The output should match, line for line, the records from the line containing "Hubungi Tribun Medan: Kontak" through the line containing "Gebruikt Speelgoed /", with every picture left out.

Entries taken from a collection:
......

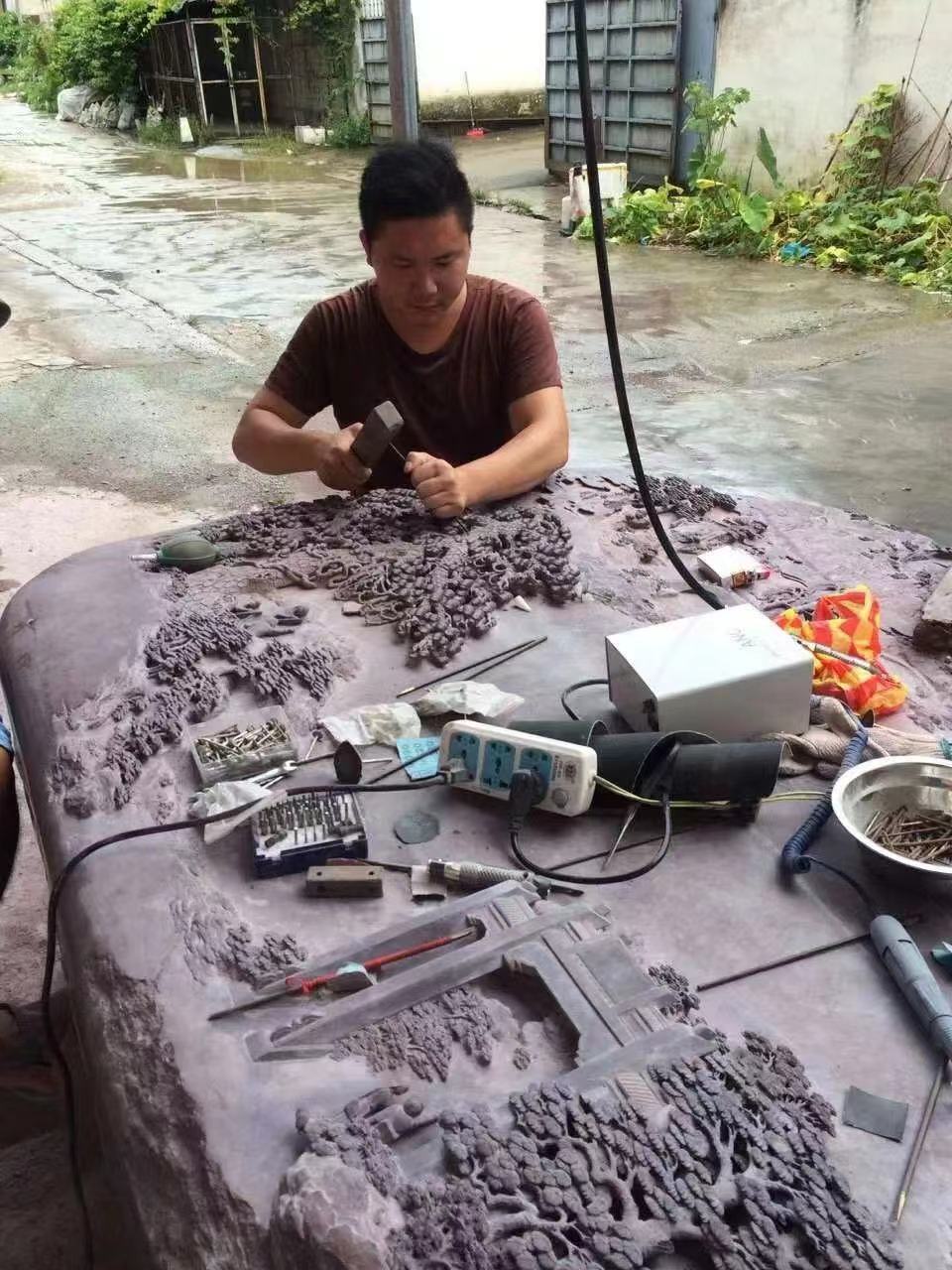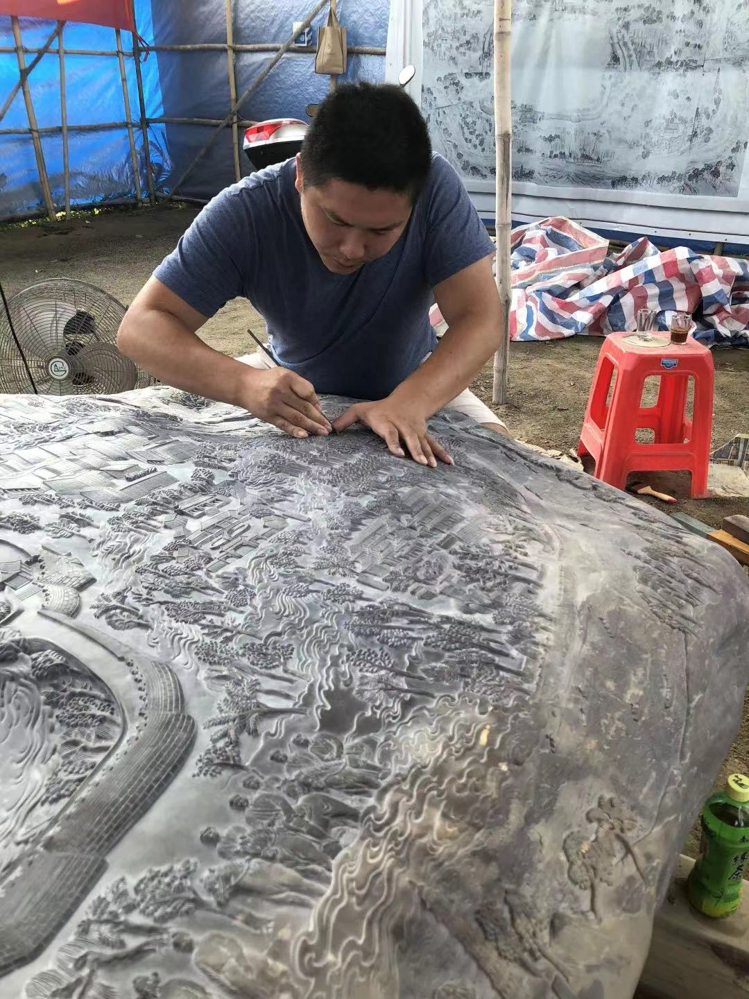 程振业参与雕刻制作由2016级工艺美术班全体同学捐赠402永利集团的《砚园风采砚》,回馈母校,表达深情。
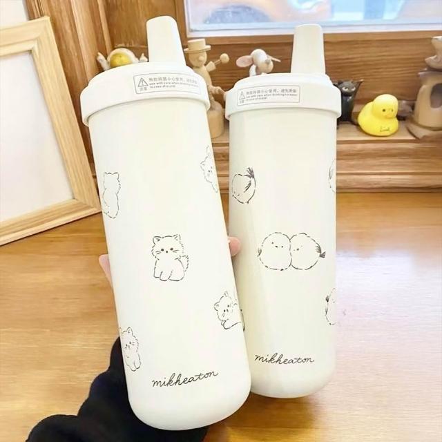 BOACUP買1送1 720ml小貓珍奶吸管杯 ( 304不鏽鋼 保溫瓶 大口徑吸管杯 保溫壺 不銹鋼 隨行杯) 交換禮物
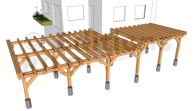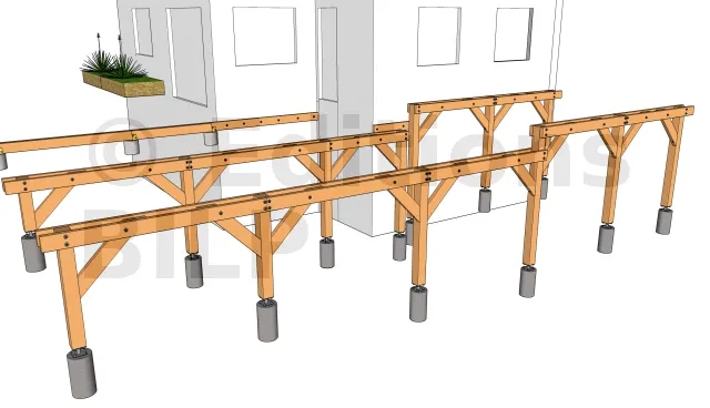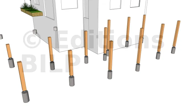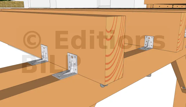 La fixation se fait grâce à des équerres renforcées d’épaisseur 3mm. Pour ce faire, l’équerre est fixée au plot grâce à des vis d’ancrage à tête hexagonale et à la poutre porteuse avec des vis spéciales connecteurs ou un tirefond.
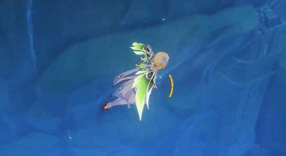 2、进入湖底部来到发光柱子前。
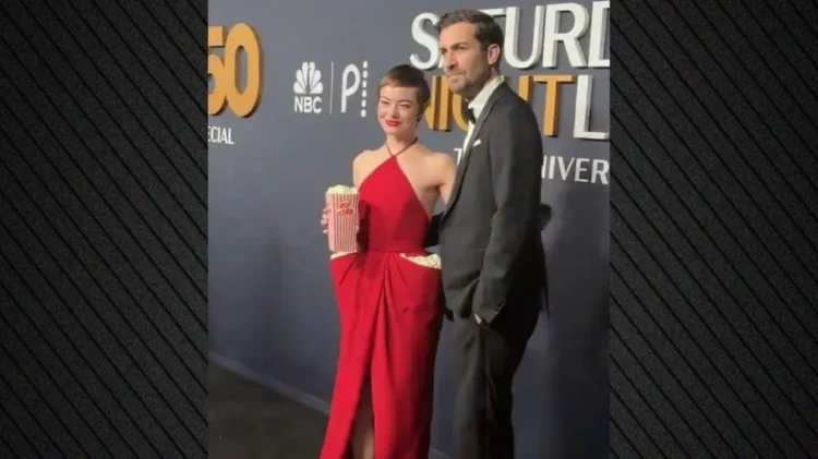 Emma Stone arriti të bëhej virale në internet me pamjen që zgjodhi për 50-vjetorin e SNL. Aktorja parakaloi në tapetin e kuq me një fustan të veçantë, i cili kishte edhe vend për ushqime.
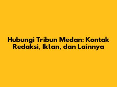Hubungi Tribun Medan: Kontak Redaksi, Iklan, Dan Lainnya
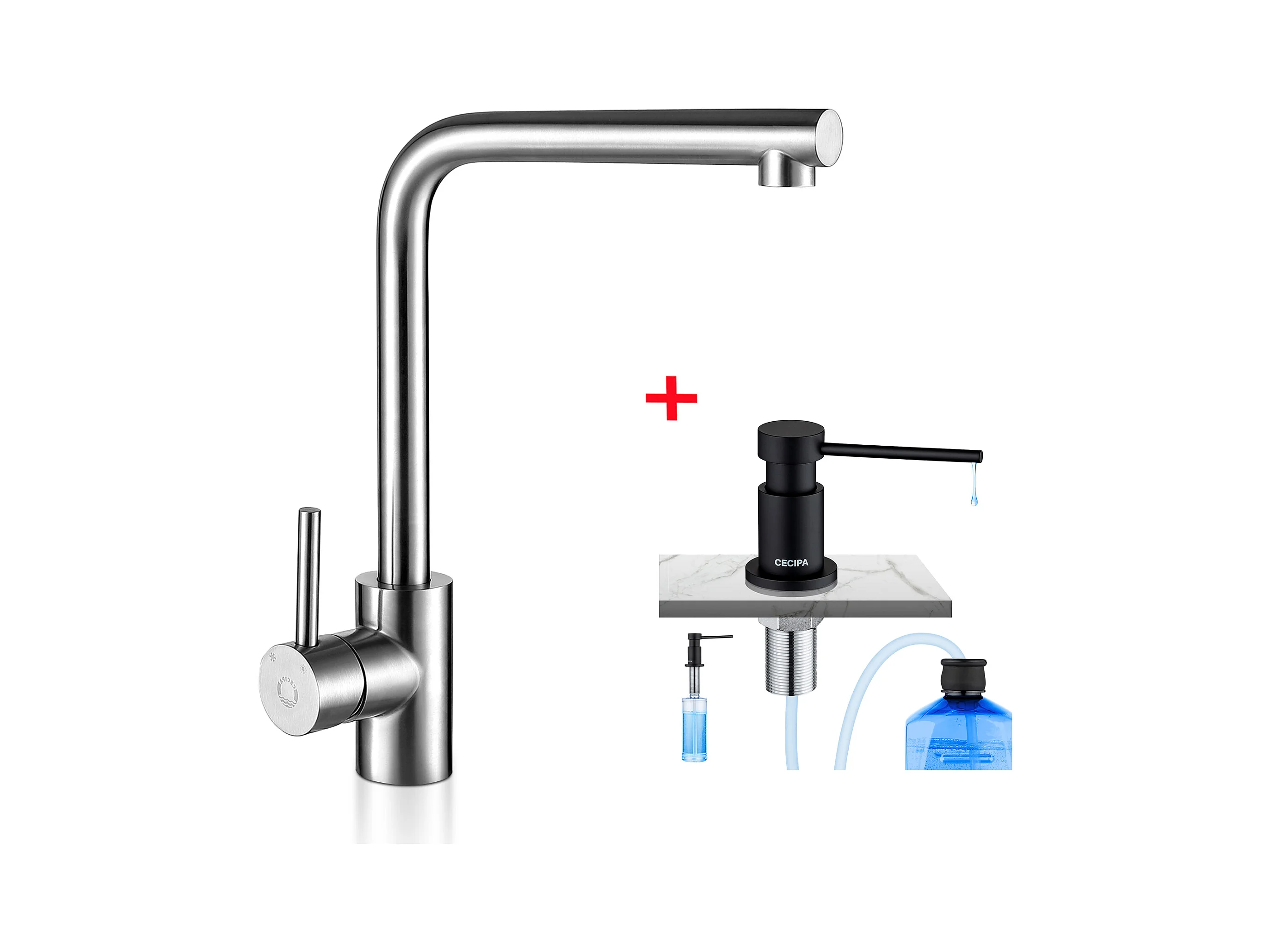 Cecipa max ééngreeps keukenmengkraan, roestvrijstalen spoelbakkraan, 360° draaibare kraan + geborstelde keukenzeepdispenser
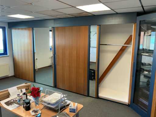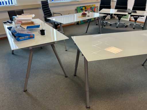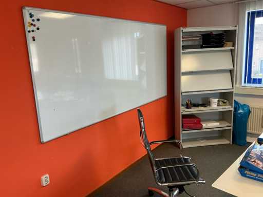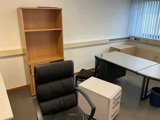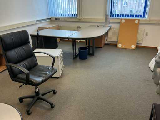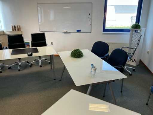 Bestehend aus: 7x Schreibtisch, 9x Bürostuhl, 8x Konferenzsessel, 2x Whiteboard, Schrank, Wanddekoration, 3x Wandschränke, 2x Schubladengerät, 4x Schaufensterpuppe. Das Grundstück befindet sich im ersten Stock und ist über Treppen zugänglich. Der Käufer ist dafür verantwortlich, das Grundstück auszuziehen. (Die drei schwarzen Konferenzstühle auf dem ersten Foto gehören nicht zu dieser Gruppe)
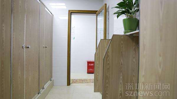 陈琼在检查通风设施,建议安装吊扇。 厕评行动第一站首先来到了福永街道怀德社区党群服务中心公厕。检查人员一进服务中心大厅,顿时眼前一亮,厅内窗明几净,地面光可鉴人,看上去十分洁净。在大厅一角的墙上虽有公厕标识,但不太明显。母婴室内布置温馨,设施齐全。公厕位于母婴室旁边,标志明显。无障碍洗手间空间很大,但没有扶手。女厕内干净整洁无异味。男厕内通风较好,纱窗没有灰尘。无障碍洗手间还是没有扶手。小便池有隔板,有绿植,有文明提示,没有异味。
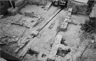Piraeus, 58 Mpotsari St. (property of I., G. and E. Galaiou). K. Axioti (ΚΣΤ’ ΕΠΚΑ) reports on the discovery of an early 3rd c. B.C. building with an irregular architectural plan which does not conform to the Hippodamian grid plan (Fig 1). The building consists of two rows of adjoining room and a hallway which run alongside its west part. Two of these rooms form the façade of the building. The smaller of these is interpreted as a workshop, since it accommodated three tubs and a drain. Only traces of the floors of the rooms survive.
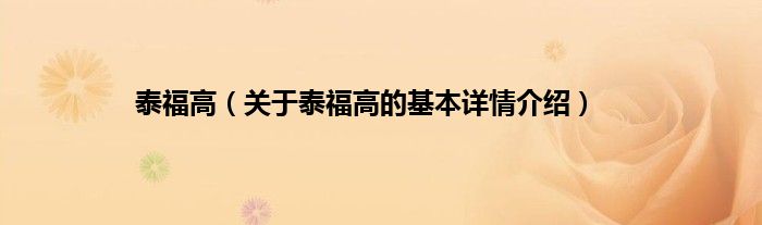 大家好我是小蝌蚪,泰福高,关于泰福高的基本详情介绍很多人还不知道,那么现在让我们一起来看看吧!
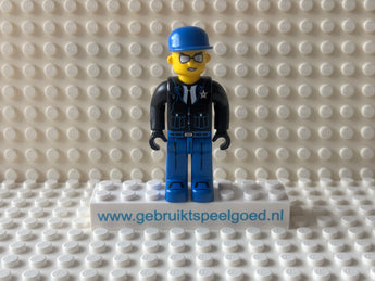 Gebruikt Speelgoed / Collectie / Minifig 4j008 - Police - Blue Legs, Black Jacket, Blue Cap, Sunglasses
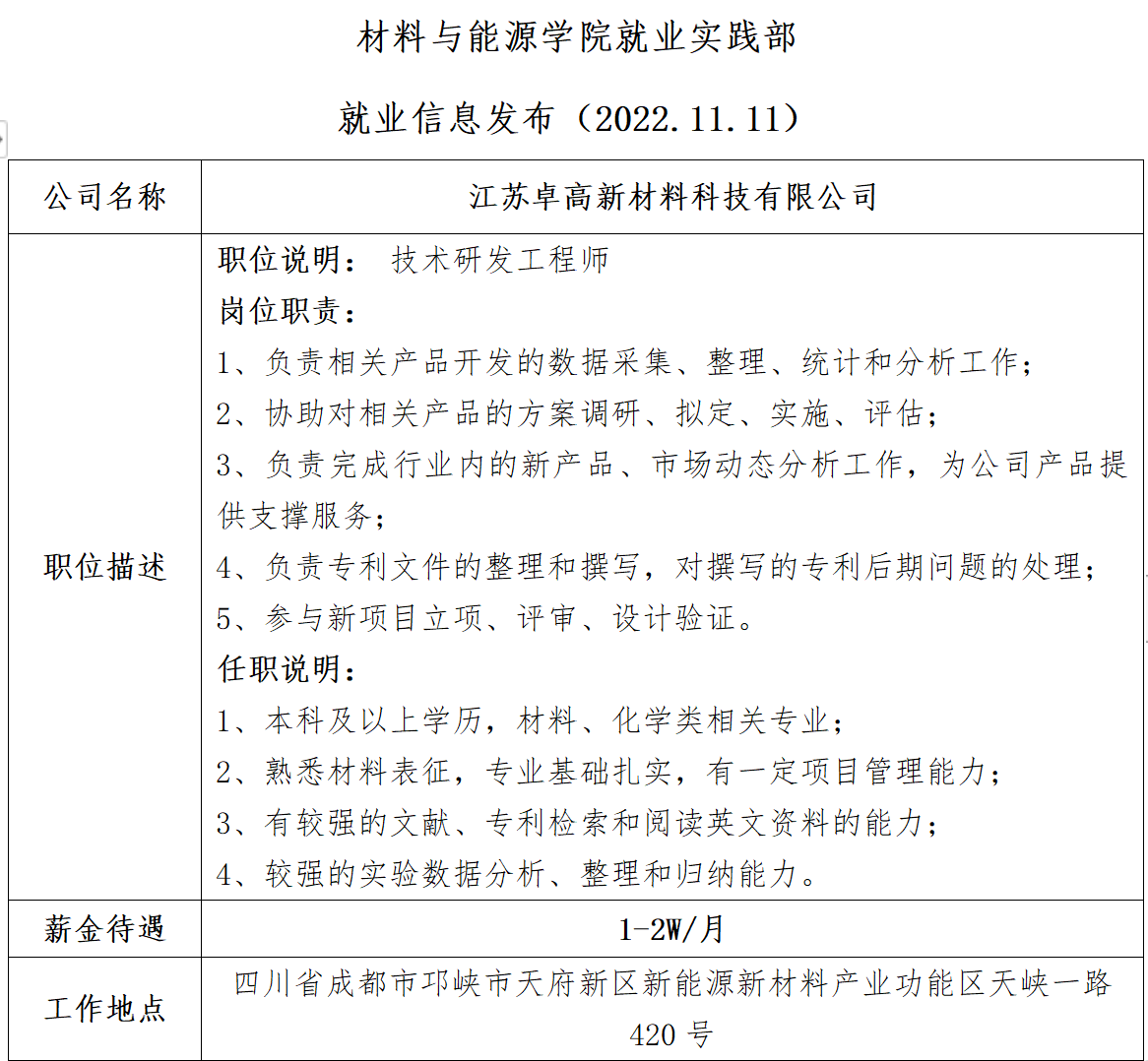 就业信息发布(2022.11.11)—江苏卓高新材料科技有限公司(1)
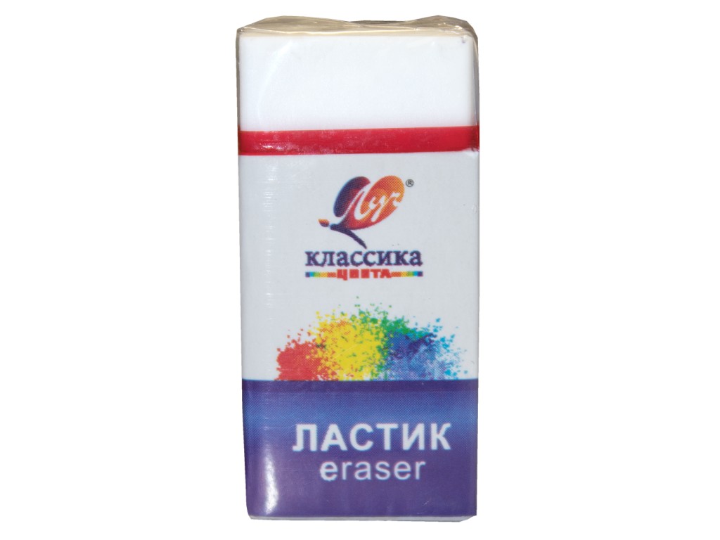 Ластики «Классика» изготовлены из термопластичной резины. Не содержат ПВХ. Цвет белый. Ластик К4 (60*19*10 мм). Каждый ластик в красочной картонной обёртке и в индивидуальной прозрачной упаковке. Промежуточная упаковка красочный шоу-бокс.
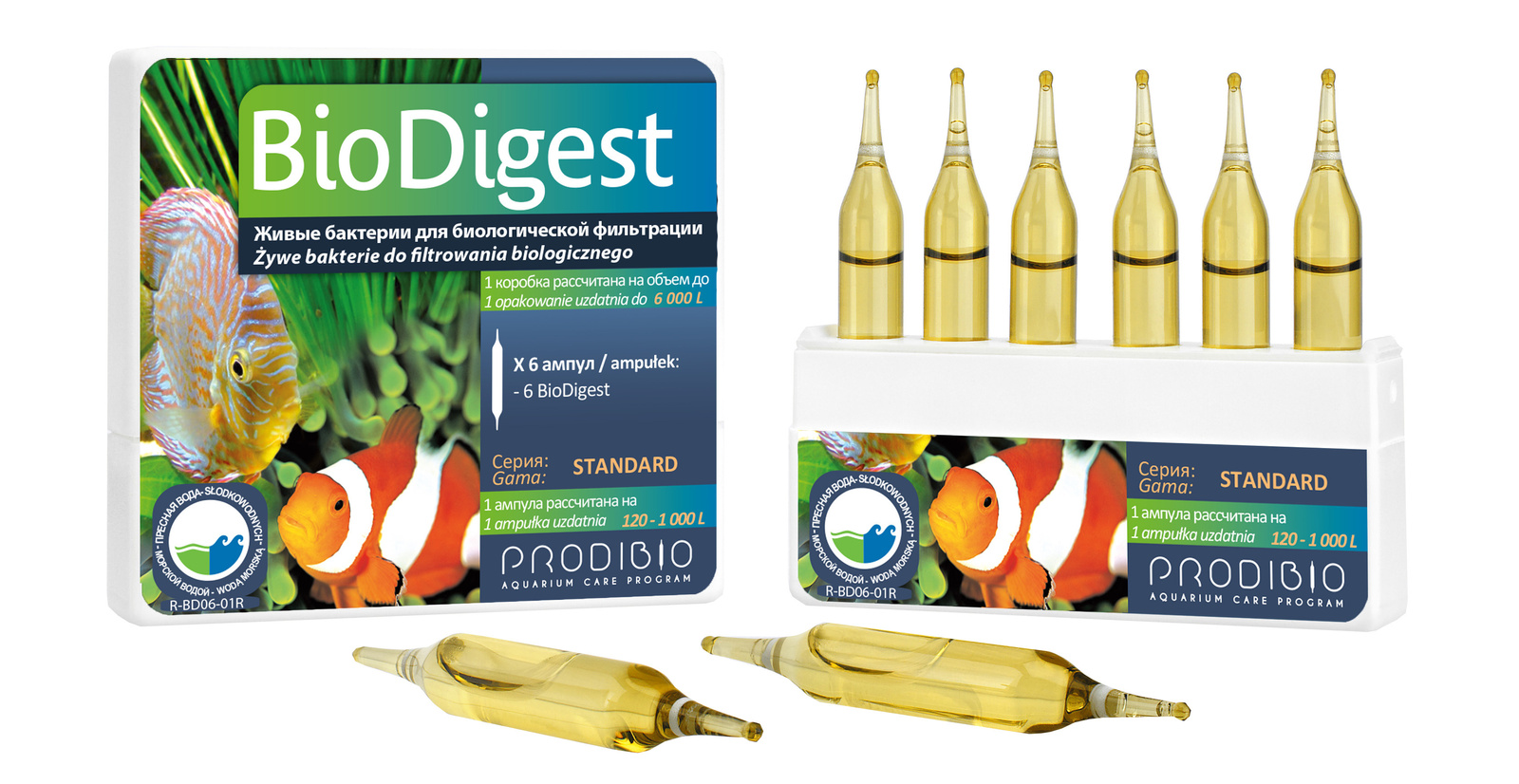 Prodibio BioDigest 6 ampułek oczyszczanie akw. słodkowodne i morskie
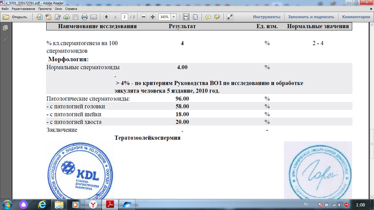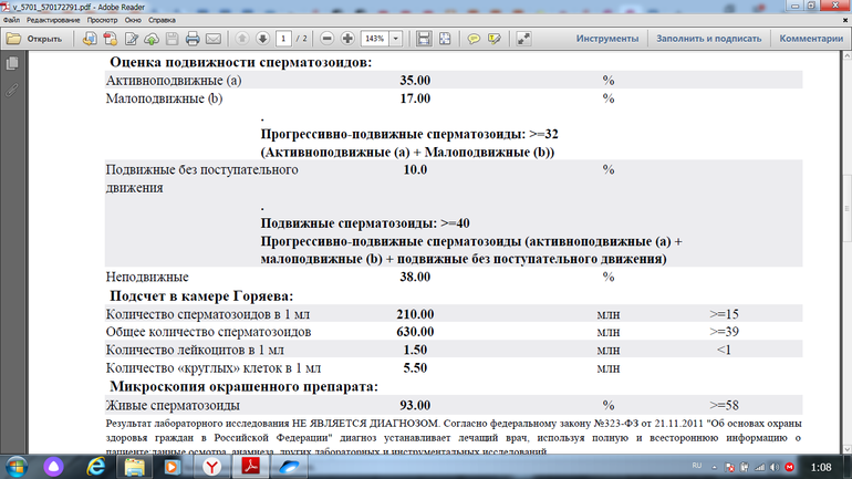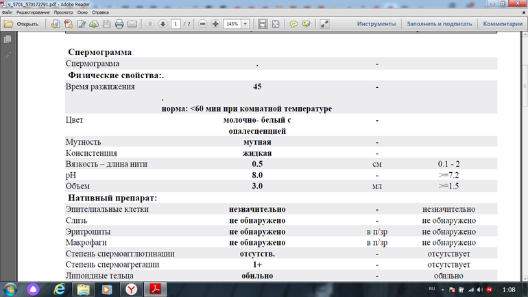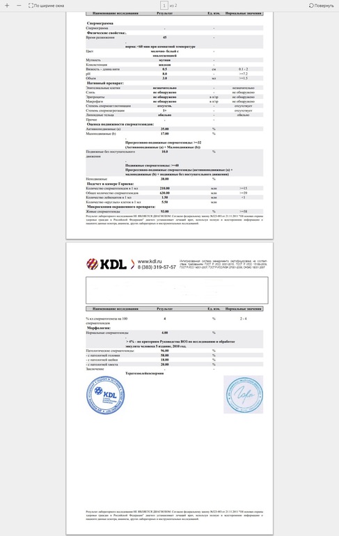 Из то что разглядела подвижность нормальная, морфология 4 процента не фонтан, но норма, вязкость тоже нормальная, остальное не понятно

......

Response to the exercise:
Hubungi Tribun Medan: Kontak Redaksi, Iklan, Dan Lainnya
 Cecipa max ééngreeps keukenmengkraan, roestvrijstalen spoelbakkraan, 360° draaibare kraan + geborstelde keukenzeepdispenser
 Bestehend aus: 7x Schreibtisch, 9x Bürostuhl, 8x Konferenzsessel, 2x Whiteboard, Schrank, Wanddekoration, 3x Wandschränke, 2x Schubladengerät, 4x Schaufensterpuppe. Das Grundstück befindet sich im ersten Stock und ist über Treppen zugänglich. Der Käufer ist dafür verantwortlich, das Grundstück auszuziehen. (Die drei schwarzen Konferenzstühle auf dem ersten Foto gehören nicht zu dieser Gruppe)
 陈琼在检查通风设施,建议安装吊扇。 厕评行动第一站首先来到了福永街道怀德社区党群服务中心公厕。检查人员一进服务中心大厅,顿时眼前一亮,厅内窗明几净,地面光可鉴人,看上去十分洁净。在大厅一角的墙上虽有公厕标识,但不太明显。母婴室内布置温馨,设施齐全。公厕位于母婴室旁边,标志明显。无障碍洗手间空间很大,但没有扶手。女厕内干净整洁无异味。男厕内通风较好,纱窗没有灰尘。无障碍洗手间还是没有扶手。小便池有隔板,有绿植,有文明提示,没有异味。
Piraeus, 58 Mpotsari St. (property of I., G. and E. Galaiou). K. Axioti (ΚΣΤ’ ΕΠΚΑ) reports on the discovery of an early 3rd c. B.C. building with an irregular architectural plan which does not conform to the Hippodamian grid plan (Fig 1). The building consists of two rows of adjoining room and a hallway which run alongside its west part. Two of these rooms form the façade of the building. The smaller of these is interpreted as a workshop, since it accommodated three tubs and a drain. Only traces of the floors of the rooms survive.
 大家好我是小蝌蚪,泰福高,关于泰福高的基本详情介绍很多人还不知道,那么现在让我们一起来看看吧!
 Gebruikt Speelgoed / Collectie / Minifig 4j008 - Police - Blue Legs, Black Jacket, Blue Cap, Sunglasses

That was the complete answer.